Hierzu wurde den Ärzten ein dezentrales System zur Verfügung gestellt, bei dem ein Arzt sich in seiner Praxis dezentral, also unabhängig von einem zentralen Server und nur mit Hilfe der EDV, in seiner Praxis durch Einstecken einer Chipkarte identifizieren kann und dann mit Hilfe seines PC die Möglichkeit eröffnet bekommt, Elektronische Rezepte auszustellen:

„Im Chip der Karte ist viel mehr über den Versicherten gespeichert, zum Beispiel, welche Medikamente er wie lange bekommen hat.
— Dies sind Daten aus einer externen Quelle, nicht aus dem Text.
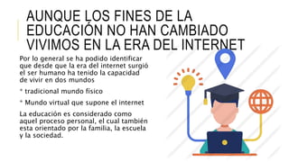 Este documento describe los nuevos aspectos clave del paradigma educativo para la era de Internet. Estos incluyen el desarrollo intelectual a través del pensamiento crítico y creativo, la competencia en aprender a aprender mediante la lectura, comprensión e interpretación, y el autoconocimiento y la inteligencia emocional a través del conocimiento de las propias fortalezas y debilidades.

Der Chip enthält auch individuelle Notfallinformationen, damit etwa ein Herzkranker im Notfall sofort richtig behandelt wird. Außerdem können Rezepte und Behandlungsbriefe, Diagnosen und Therapieempfehlungen auf der Karte gespeichert und davon abgerufen werden. Per Mausklick kann der Hausarzt sie zum Facharzt, Krankenhaus oder Labor weiterleiten. Dort stehen sie sofort am Bildschirm zur Verfügung.“ 

Dieses dezentrale System soll derzeit offenbar durch ein zentrales System ersetzt werden, in dem die Datenverarbeitung über einen zentralen Rechner erfolgt, der sich im Eigentum einer dritten Person, also nicht mehr im Eigentum des ausstellenden Arztes befindet.

Statt wie bisher ein elektronisches Rezept nur mit Hilfe der Ressourcen einer im Eigentum des Arztes stehenden Praxis-EDV ausstellen zu können, muss der Aussteller nun die Rezeptdaten an eine, nicht mehr in seinem Eigentum stehende Verarbeitungseinheit senden.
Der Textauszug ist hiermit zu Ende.